- Task prompt
Skip the pictures and write out, word for word, the lines below from the one with "For a blurry, diffused" through the one with "Sale Solid Mock", inclusive.

--- Material provided Enclosed Below ---

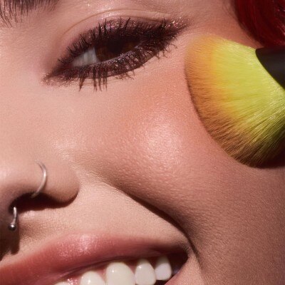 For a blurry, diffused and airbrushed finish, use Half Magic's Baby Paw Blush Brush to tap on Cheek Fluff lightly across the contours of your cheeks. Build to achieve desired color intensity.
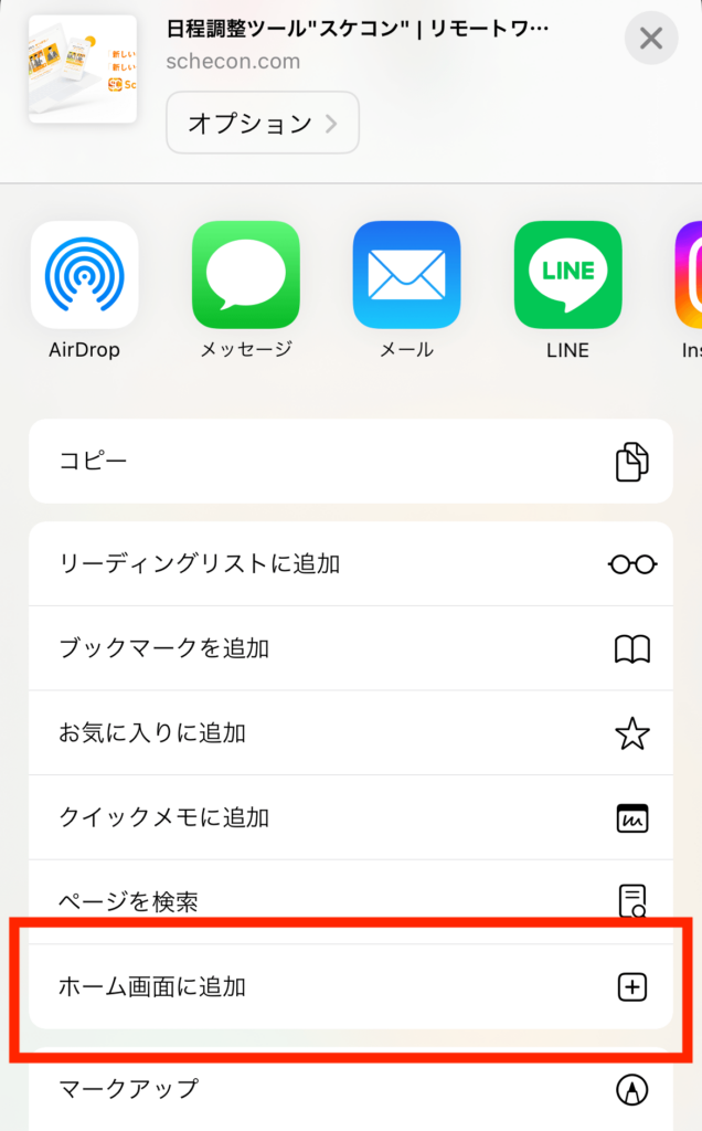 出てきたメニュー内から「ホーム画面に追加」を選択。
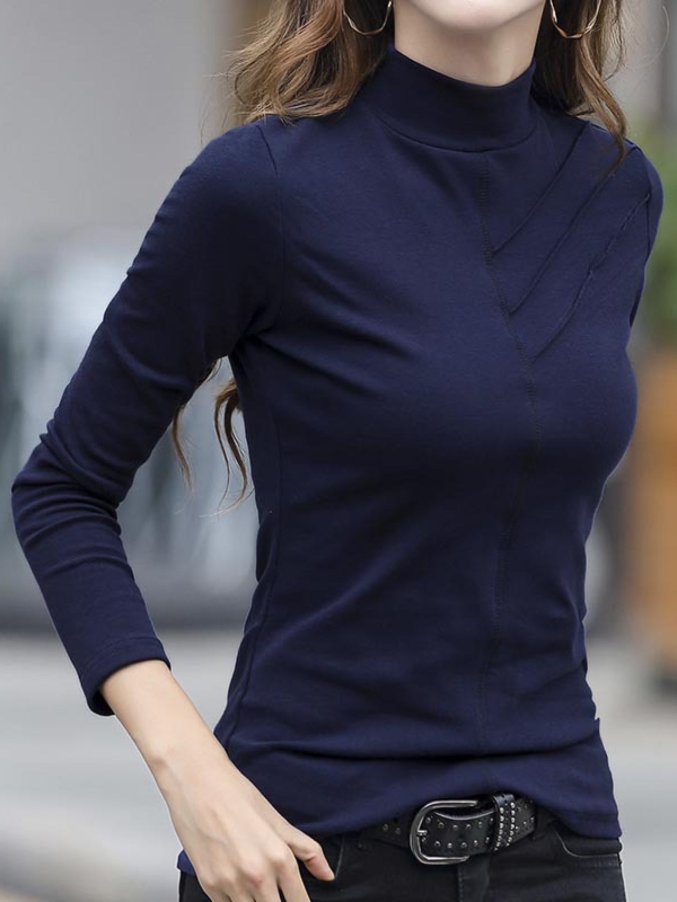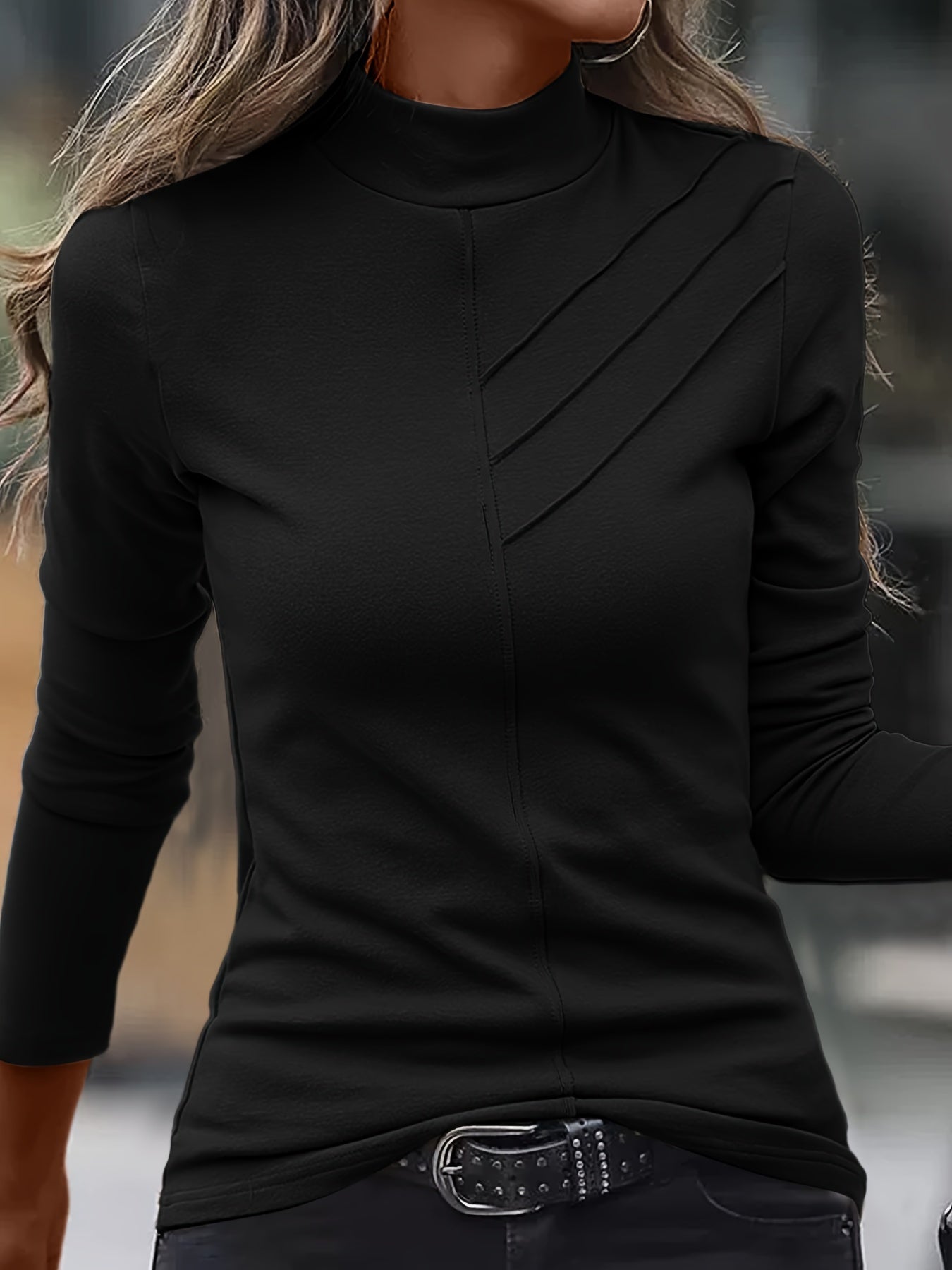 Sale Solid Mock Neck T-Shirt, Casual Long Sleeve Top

--- End of Enclosed Material provided ---
--- Material provided Enclosed Below ---

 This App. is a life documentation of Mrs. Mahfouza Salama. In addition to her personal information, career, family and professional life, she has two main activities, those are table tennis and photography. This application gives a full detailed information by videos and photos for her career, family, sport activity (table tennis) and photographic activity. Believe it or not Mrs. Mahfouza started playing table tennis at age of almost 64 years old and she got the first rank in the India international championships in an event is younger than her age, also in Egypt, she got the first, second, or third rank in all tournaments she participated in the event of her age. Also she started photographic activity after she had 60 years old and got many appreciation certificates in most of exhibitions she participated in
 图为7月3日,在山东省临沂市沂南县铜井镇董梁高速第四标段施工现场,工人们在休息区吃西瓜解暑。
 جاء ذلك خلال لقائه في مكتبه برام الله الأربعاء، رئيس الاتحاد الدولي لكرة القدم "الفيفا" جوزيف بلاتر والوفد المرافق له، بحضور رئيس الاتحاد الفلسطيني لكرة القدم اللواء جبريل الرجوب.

--- End of Enclosed Material provided ---

- Written solution
 For a blurry, diffused and airbrushed finish, use Half Magic's Baby Paw Blush Brush to tap on Cheek Fluff lightly across the contours of your cheeks. Build to achieve desired color intensity.
 出てきたメニュー内から「ホーム画面に追加」を選択。
 Sale Solid Mock Neck T-Shirt, Casual Long Sleeve Top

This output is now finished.